In another embodiment I can imagine using a mirror to reflect the display light to the camera. This arrangement could be used to measure transmittance of a liquid between the phone and the mirror.].
In addition to the display 104, the computing device 100 may have a network interface 354 (or several), as well as storage hardware 356 and processing hardware 358, which may be a combination of any one or more: central processing units, graphics processing units, analog-to-digital converters, bus chips, FPGAs, ASICs, Application-specific Standard Products (ASSPs), or Complex Programmable Logic Devices (CPLDs), etc. The storage hardware 356 may be any combination of magnetic storage, static memory, volatile memory, non-volatile memory, optically or magnetically readable matter, etc. The meaning of the terms “storage” and “storage hardware”, as used herein does not refer to signals or energy per se, but rather refers to physical apparatuses and states of matter. The hardware elements of the computing device 100 may cooperate in ways well understood in the art of machine computing. In addition, input devices may be integrated with or in communication with the computing device 100. The computing device 100 may have any form-factor or may be used in any type of encompassing device. The computing device 100 may be in the form of a handheld device such as a smartphone, a tablet computer, a gaming device, a server, a rack-mounted or backplaned computer-on-a-board, a system-on-a-chip, or others.
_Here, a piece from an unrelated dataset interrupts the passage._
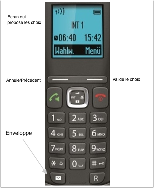 Le plus simple est de rester appuyé sur la touche concernée [1] qui compose l’accès à la messagerie externe.

Embodiments and features discussed above can be realized in the form of information stored in volatile or non-volatile computer or device readable storage hardware. This is deemed to include at least hardware such as optical storage (e.g., compact-disk read-only memory (CD-ROM)), magnetic media, flash read-only memory (ROM), or any means of storing digital information in to be readily available for the processing hardware 358. The stored information can be in the form of machine executable instructions (e.g., compiled executable binary code), source code, bytecode, or any other information that can be used to enable or configure computing devices to perform the various embodiments discussed above. This is also considered to include at least volatile memory such as random-access memory (RAM) and/or virtual memory storing information such as central processing unit (CPU) instructions during execution of a program carrying out an embodiment, as well as non-volatile media storing information that allows a program or executable to be loaded and executed. The embodiments and features can be performed on any type of computing device, including portable devices, workstations, servers, mobile wireless devices, and so on.